There was lack of activity at the Jharkhand Vikas Morcha office at Sarkar Building in Sakchi on Sunday. Campaigning is likely to pick up steam from Monday. Telegraph picture
Ranchi, April 5: State police have advised poll candidates not to venture out into far-flung Maoist-hit rural areas for campaigning without keeping them informed.

Apparently upset at a few instances of high-profile politicians and candidates venturing into Maoist dens in the rural hinterlands, the police are framing a strict advisory for poll nominees and have also decided to voice their concern with the Election Commission.

“This is very disturbing for us. There have been at least four to five instances when high-profile politicians who face a security risk ventured inside these areas without informing the local police,” said state police spokesperson Satya Narayan Pradhan, but refused to divulge who the leaders were.

“We have had to rush police teams at least four times after coming to know about the presence of these politicians in those areas,” he said, adding that all district superintendents of police had been asked to apprise candidates accordingly.
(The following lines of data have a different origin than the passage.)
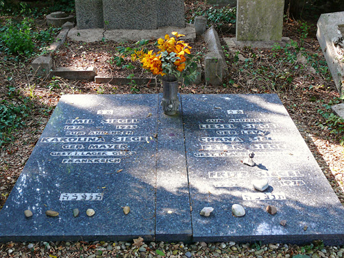Fritz Siegel verstarb am 10. Juni 1978 und ist bei seinem Vater Emil auf dem jüdischen Friedhof in Ingenheim unter großer Anteilnahme der Bevölkerung beigesetzt. Sein Grab 4 06 10 befindet sich im Feld 4, Reihe 6, Stein 10. Auf dem Grabstein wird weiterhin auch erinnernd gedacht: Der Mutter Karoline geb. Mayer, verstorben in Gurs und seiner Ehefrau Elisabeth und den beiden Kindern Chana und Pierre, die in Auschwitz ermordet wurden.
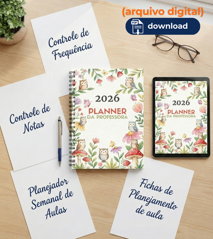 + Planejador Semanal de Aulas + Controle de Frequência e Notas + Fichas de Planejamento de aula BNCC
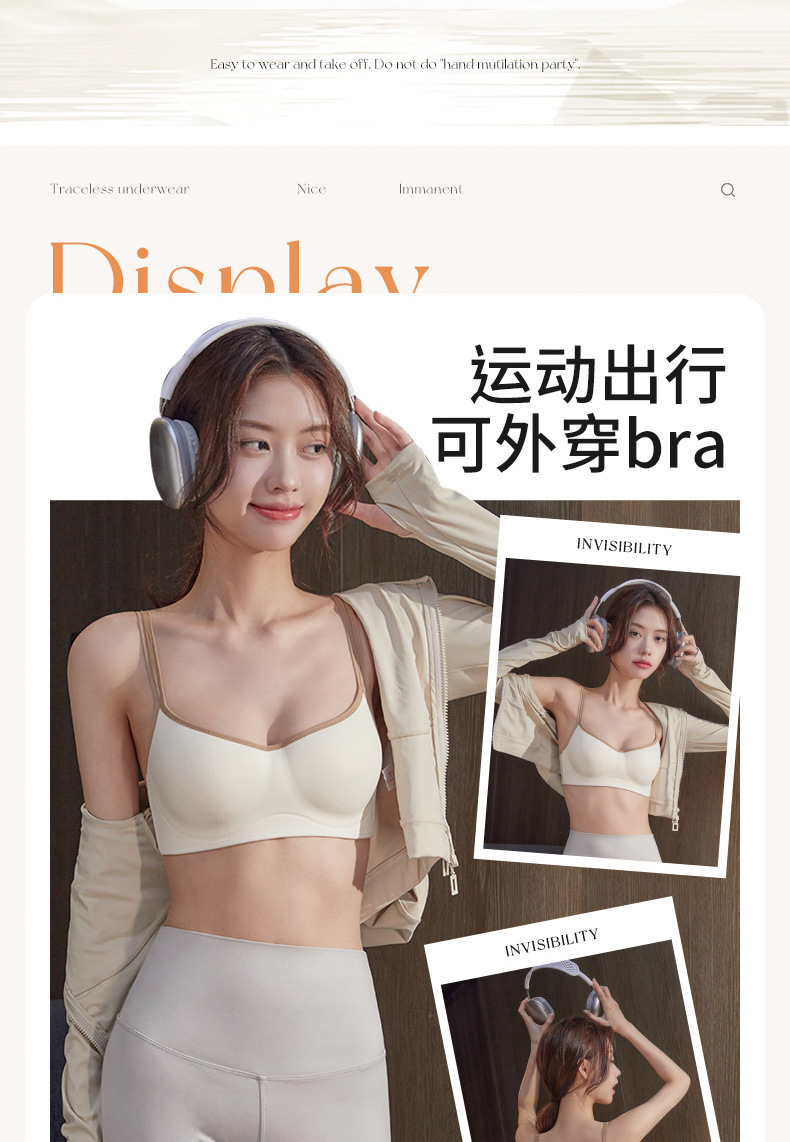 运动内衣夏季薄款时尚撞色无痕隐形文胸无钢圈不跑杯小胸聚拢夏季2025新款小红书爆款
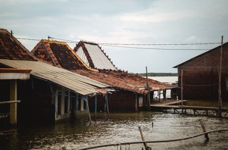 Bis zu 15 Zentimeter im Jahr steigt der Ozean ? das kleine Küstendorf Timbulsloko ist Opfer von Klimawandel, Boden-Absenkung und Küstenerosion.
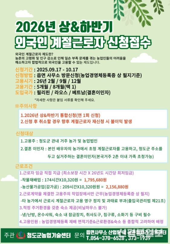 [ 신경북일보 ] 청도군은 농촌 인구감소와 고령화로 인한 농번기 일손 부족 문제 해소를 위해 9월 17일부터 10월 17일까지 '2026년 상·하반기 외국인 계절근로자' 고용 희망농가 수요조사를 실시하고 있다.
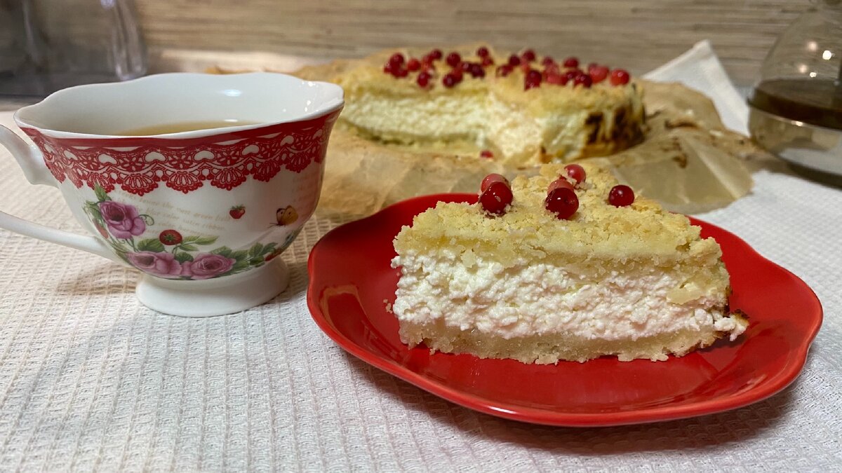 Разогреваем духовку до 220 градусов и готовим ватрушку 30-40 минут. После приготовления даём немного остыть и можно пить чай 🫖, по желанию украшаем любой ягодой.
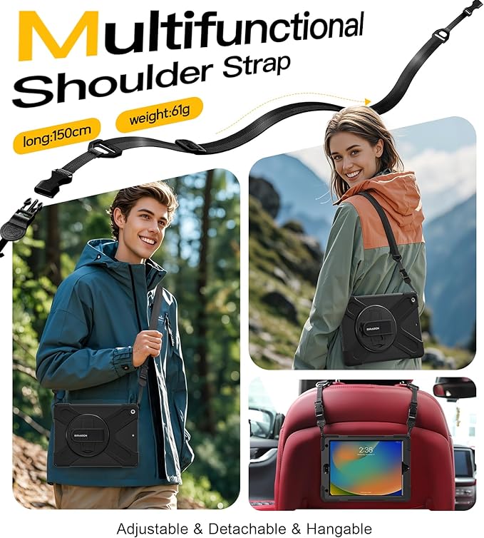 - Adjustable & Detachable Carrying Strap:iPad 8th Gen tablet case with Portable Shoulder Strap allows to carry your iPad 9th Gen in landscape/portrait mode securely in outdoors or hang your iPad in kitchen,bedroom,car seat for convenient usage.

Maoist dens are understood to be primarily concentrated in Palamau, Chatra in the western part of Jharkhand, Giridih and parts of Koderma in the north and some areas of Singhbhum in the south.

Among those contesting from Palamau — some of whom may have begun campaigning — were JD(U)’s Radha Krishna Kishore, former BJP MP Brajmohan Ram (contesting as an Independent this time), MP Ghuram Ram and Kameshwar Baitha.

The Chatra nominees were former Speaker Inder Singh Namdhari (contesting as an Independent), RJD’s Nagmani, CPI(ML)’s Keshwar Yadav and Dhirendra Agarwal among others.

Camping in Naxalite-affected Chainpur block of the Palamau constituency, JD(U)’s Kishore disagreed it was dangerous for them to campaign in rural areas. “We do not see a problem in going to rural areas at least in the day time. We take precautions but we can’t afford to ignore far-flung rural areas while campaigning,” he told The Telegraph.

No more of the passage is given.